I’ve revealed some of my musical tastes on these pages previously. However, I’ve missed an important chapter out. After Guns N’ Roses but before I discovered The Beatles, there was Iron Maiden. Yes, the English heavy metal giants known for their epic songs, catchy guitar riffs and terrifying mascot, Eddie. I used to be absolutely obsessed with Maiden. In fact, much of my teenage years were spent dressed in black listening to Iron Maiden. I was a bit like that Teenage Dirtbag guy. I really should have got out more!
I’ve just finished What Does This Button Do? The book is the recently released autobiography of Iron Maiden front man, Bruce Dickinson. It’s an enthralling read and I recommend it for anyone remotely interested in the subject matter. However, you don’t need to be a hard rock aficionado to appreciate Dickinson’s engaging tome. The Iron Maiden singer is a man of diverse and varied tastes.

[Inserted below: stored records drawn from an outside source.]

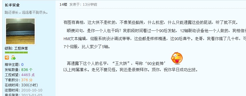 作為一個工控人,實在不適說出這種話,我也不想回你了,說多了也沒意思,還是要保持論壇和平的。
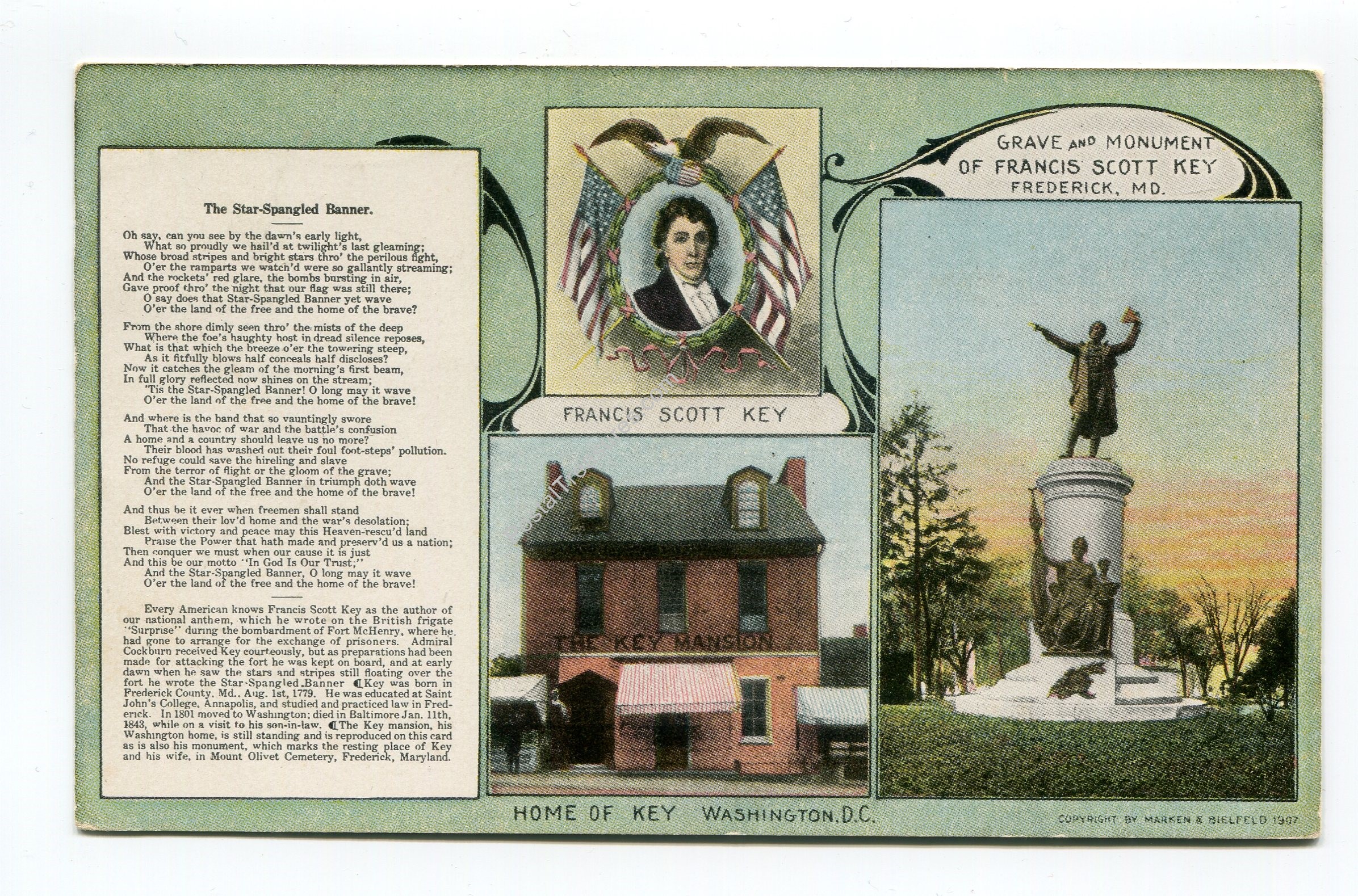 Home of Francis Scott Key Washington DC and Grave and Monument of Frederick Maryland postcard
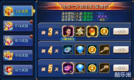 【奖励】奖励中的“七日奖励”、“在线奖励”、“等级奖励”,都有金币可领取。其中在线奖励,只需在线30分钟,可获大量金币和丰富道具。天天在线,天天奖励。
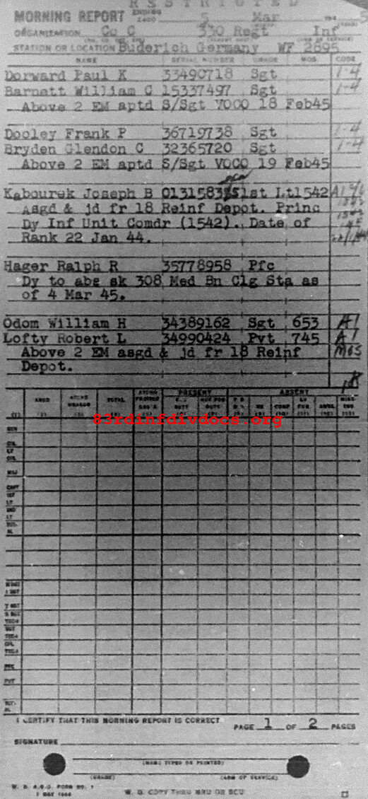 Morning report C/330 for March 5, 1945

He’s a fascinating chap. As well as his singing exploits, Dickinson is a commercial airline pilot, businessman, radio presenter and novelist, to name but a few of his many and diverse pastimes. Bruce was also, at one time, an Olympic standard fencer and regularly competed whilst on tour with Maiden in their heyday.
You don’t need to be interested in any of this, though, to enjoy the book. Apart from anything else, What Does This Button Do? is a fantastic read. Penned without the aid of a ghost writer, Bruce’s autobiography is full of fascinating stories and anecdotes; told by someone with a flair for a good yarn and enough self-awareness to understand the often crazy world in which he found himself. That said, Dickinson doesn’t shy away from analysis and the autobiography gives the reader a ringside seat of a fascinating era. For this is an informed, first hand account from a man who’s lived his dreams and accrued the wisdom to tell the tale.
What Does This Button Do? has been topping the bestseller charts internationally since its release; testament in itself to the book’s innate readability. Like all good writing, it makes you want to read on and immerse yourself thoroughly in the story. This commercial triumph is a metaphor for Maiden’s own spectacular success story. For anyone unfamiliar with the back story, the band rose to prominence in the 1980s, scoring spectacular chart success with albums such as The Number of The Beast, Piece of Mind and Powerslave. Maiden’s success was built on the back of spectacular live shows and achieved despite relatively little radio play.
However, the group’s monumental early success wasn’t without cost and Dickinson left in 1993 to pursue solo projects. Maiden fans feared how the band would fare without him and, as it turned out, with some cause. The two albums recorded without Dickinson, while creditable, didn’t perform as well commercially as their predecessors and, for a time, the Maiden star waned.
The mid ’90s wasn’t a good time for hard rock as dance music and boy bands swept all before them. Iron Maiden suffered as much as anyone at a time when the music industry didn’t want to know heavy metal acts. I can attest to this dip, having watched Maiden play Belfast’s Maysfield Leisure Centre in 1996 (with Bruce’s replacement Blaze Bayley in situ). The venue wasn’t even full!
Fashions are transient but class is permanent. Something needed done to reverse the decline and the unthinkable happened in 1999, when Dickinson returned alongside guitarist Adrian Smith. Maiden’s subsequent success-from both a commercial and critical perspective-has been nothing short of phenomenal. In fact, the band has reportedly sold over 100 million albums to date! The turnaround has been quite remarkable and it’s obvious Dickinson’s return was instrumental in it.
What Does This Button Do? doesn’t dwell too much on the reasons behind Bruce’s departure and return to Maiden but it doesn’t really need to. For the book is less a blow by blow account of the writer’s history than a collection of humorous and interesting stories from a man who’s lived an extremely interesting life-and continues to. The smattering of airline stories are worth getting the book for alone and make compelling reading for those with even a passing interest in aviation.
What’s more, the candid and courageous way in which Dickinson writes about his diagnosis with, and recovery from, cancer, raises this book above standard autobiographical fare. More than anything, this is a story of creativity, entrepreneurship and imagination. A tale of a life lived to the full in pursuit of interests and passions; an affirmation of what hard work combined with curiosity can accomplish. I thoroughly recommend it for anyone inclined to give it a go.